En 1966, lorsque le dirigeant soviétique Léonid Brejnev a poussé l'industrie à se concentrer sur les biens de consommation – en particulier les produits de luxe – Ojamaa a senti une nouvelle opportunité.
L'ERF a remporté une aubaine lorsque Moscou a imposé à toutes les entreprises soviétiques de consacrer 1% de leurs revenus à la publicité.
La société et les compagnies soviétiques qu'il représentait ne travaillaient pas ensemble de la même manière que les clients et les agences publicitaires dans une économie de marché.
Sous le système soviétique, les patrons des entreprises, qui étaient essentiellement des larbins du Parti communiste, remettaient en effet à Ojamaa un script, qui offrait un guide sur lequel l'ERF pouvait travailler.
Mais les créatifs de l'ERF produisaient toutes les publicités qu'ils voulaient, et lorsque les patrons du Parti passaient les films en revue, tout le monde prétendait que tout allait bien.
En fait, ça n’importait à personne. Après tout, si les produits étaient réels, ils se vendraient de toute façon dans un pays où la pénurie était généralisée. Si les publicités présentaient des produits fantômes, là encore, cela n'avait pas d'importance, car il n'y avait rien à vendre.
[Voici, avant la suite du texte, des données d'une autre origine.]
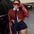 Crafted leather, our Cropped Zip Jacket is the perfect blend of style and functionality. With its cropped design, you'll be able to show off your figure while staying warm and protected. Elevate any outfit with this must-have addition to your wardrobe.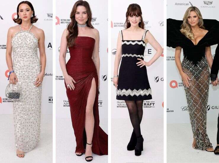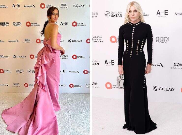 L’abito scelto per l’occasione porta la firma di Marchesa. Valentina Ferragni vi ha abbinato un elegante collier di diamanti di Kwiat Diamonds e sandali di Le Silla. Anche la manicure effetto perla si intona all’abito che insegue ancora il Barbiecore. Anche Donatella Versace ha raggiunto l’evento organizzato da Elton John indossando un long dress total black in velluto con clip ad altezza busto e che percorrono anche tutta la silhouette naturalmente del suo Atelier. Trattandosi di un after party degli Academy Awards, le star sul tappeto rosso non mancano.

Hardi Volmer, qui a co-réalisé un documentaire sur l'ERF intitulé The Gold Spinners, a déclaré dans une interview à l'Institut du film documentaire basé à Prague : « Donc, s'il y avait un plan fixe selon lequel 1% du budget de chaque société soviétique devait être consacré à la publicité, alors l'argent devait être dépensé. Que les clips soient de haute ou de basse qualité, ou qu'ils fonctionnent, personne ne s'en souciait vraiment ».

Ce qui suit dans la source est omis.